The French are completely unperturbed about standing in line. The lines at the check out stand were snaking down the aisles and people were quietly shuffling forward by inches per minute. About my twentieth minute in line a skinny little woman of at least 80 years approached from my left and nudged to take her place ahead of me. Normally good natured, I suddenly felt a wave of indignity.  How dare she! Culture cannot account for such rudeness. After all, I'm practically 50. Why should she get to check out ahead of me?! I nudged my basket forward on the floor to cut her off. She wriggled ahead again, murmuring something in French. She had a canvass shopping trolley and a bag of apples in her hand.  I pointed to the apples and tried to get at whether that was the only thing she was buying. She shook her head and opened up the trolley full of groceries.  My indignant flames rose higher. No! I shook my head back.  You're not cutting in front of me after I've been waiting long enough for the milk to curdle. She nudged ahead. I cut her off.  I looked behind me at all the other weary faces and pleaded, "Does anyone speak English?"  A woman my age raised her eyes.  "Why is she doing this?" I whined.  She pointed above my head. "You're in a special line." I looked down the line of q-u-i-e-t faces and wondered what was so special about us.  Then I looked above the checker and saw a sign with words I didn't understand and a stick figure with a protruding belly and another in a wheelchair.  "The elderly go ahead." She explained.  I asked "How do you say 'I'm sorry' in French?"  I repeated this to the old women twice in a supplicating crouch.  She waved me off with a scowl and proceeded to empty her bag one item at a time and pay for her groceries with at least two dozen Euro coins as though they had just been introduced into circulation yesterday and she was still trying to figure them out.  I didn't regret my behavior then. I regretted my apology.
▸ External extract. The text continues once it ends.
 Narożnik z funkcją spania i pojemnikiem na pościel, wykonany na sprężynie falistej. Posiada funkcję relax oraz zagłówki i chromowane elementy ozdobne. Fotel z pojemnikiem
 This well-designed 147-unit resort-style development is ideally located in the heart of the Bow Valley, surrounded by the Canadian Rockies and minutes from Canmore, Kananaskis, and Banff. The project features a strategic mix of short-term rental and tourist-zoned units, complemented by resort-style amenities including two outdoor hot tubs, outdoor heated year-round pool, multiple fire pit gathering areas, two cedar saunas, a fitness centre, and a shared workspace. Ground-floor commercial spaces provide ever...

 "Relax, Mom. I know what I'm doing."

 "Relax, Mom. I know what I'm doing."

On our last day we went out on our friends' small sail boat without any wind and putt-putted across the bay and back before the tide caught us in the muck. The boys were each given turns at the rudder and Z wore an air of nonchalance that implied that he was, yet again, born knowing how to do this.  The day was a public holiday, "Assomption" the celebration of Mary's ascendancy into heaven, which is commemorated with spectacular fire works shows. Kind of a funny thing to celebrate. As if the virgin mother of Jesus would ever be turned away from heaven? I actually stayed home on the pretense of taking care of the sleeping toddler when, really, I've never loved fireworks since the July 4th when I was six and my father insisted on positioning our car as close to the pyrotechnics as possible with the windows wide open and me, sweating in the hatchback with my fingers pushed as far down my ear canals as I could manage.  
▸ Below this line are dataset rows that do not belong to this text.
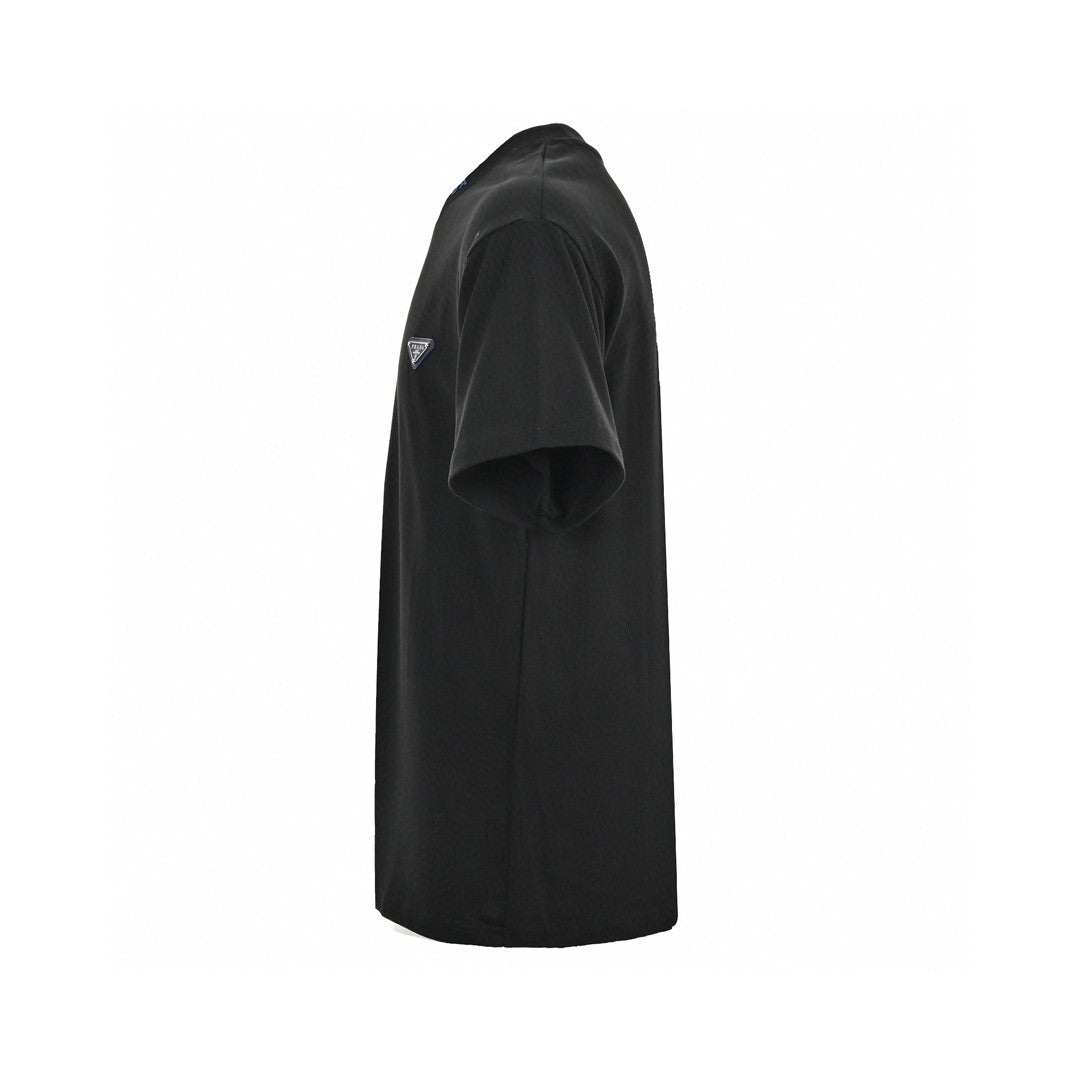 This Prada t-shirt features the iconic Prada triangle logo on the chest. Made from premium black cotton, it exudes sophistication and style. Perfect for adding a touch of luxury to everyday wear.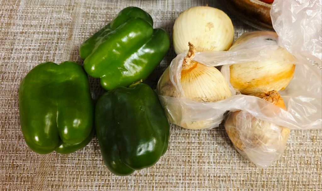 Some bell peppers and onions. The onions have mold and some soft spots.
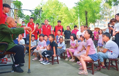 在花园里二段社区“石桌板凳汇”,老红军在为居民讲述革命历史。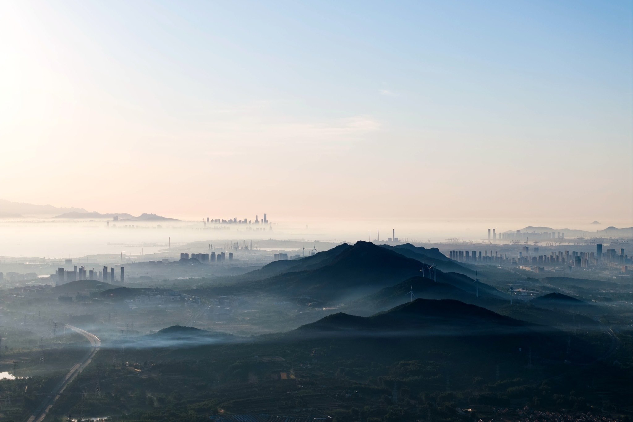 2023年6月3日,青島,膠州灣畔晨景如畫。視覺中國(guó)

The train back to London was a 9-5 affair, the time passed quickly and, yes, quietly. I finished a few more New Yorkers and Z mastered a few more levels of Granny Apple. We met up with C at his office where Amazon was having a Friends and Family party and we were treated to the wonders of a 3D printer and the ukulele talents of a few of the employees.  Our international adventure had been a success. But I was excited to be "home" to prepare for the unpackers...

 

Ice cream in the hands of a novice

Ice cream in the hands of a novice

Phone Update: C was issued a new one within 2 days (good thing he's busting his butt at work). Mine is en-route to Seattle because Apple wouldn't fix or replace it in the UK. I have yet to figure out how to get photos from the computer back onto my old iPhone, so there may be fewer for the next few posts. 

PS: Since it was the first day of school yesterday and I know the grandparents are dying to see that documented, my next few posts will be out of order, not that it matters much... My entire life is out of order now, with boxes everywhere. It will only reflect my current state.